§ **What you should do**:
Only the text should come through, so restate the listing exactly and drop its images.

§ **Data shown**:
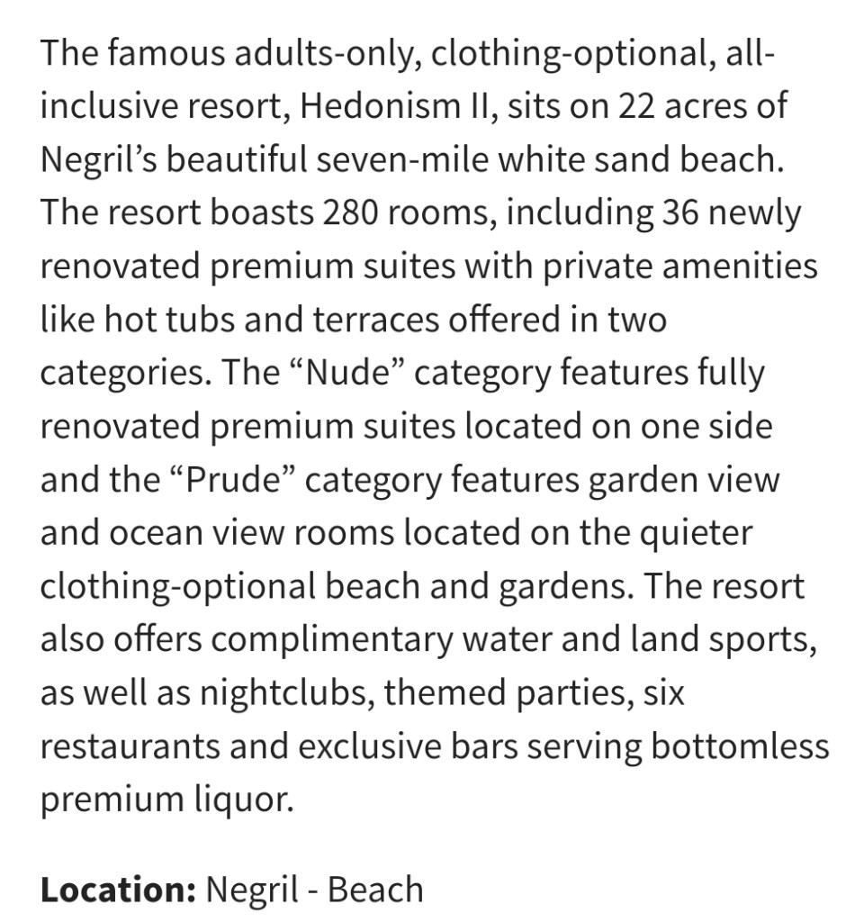 Oceanview Nude Section: $1,377.93 per person
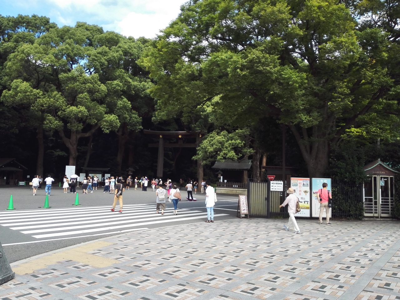 鳥居をくぐって中を進んで行くとヒンヤリした空気が漂い、原宿とは別次元の空間にいるような感じになります。
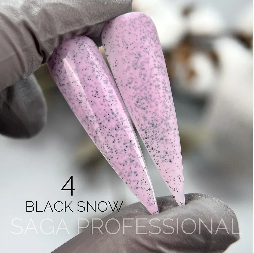 Колекція Black Snow від SAGA Professional — це унікальні гель-лаки з чорними декоративними частинками, що нагадують «чорний сніг». Ці

§ **Exercise answer**:
 Oceanview Nude Section: $1,377.93 per person
 鳥居をくぐって中を進んで行くとヒンヤリした空気が漂い、原宿とは別次元の空間にいるような感じになります。
 Колекція Black Snow від SAGA Professional — це унікальні гель-лаки з чорними декоративними частинками, що нагадують «чорний сніг». Ці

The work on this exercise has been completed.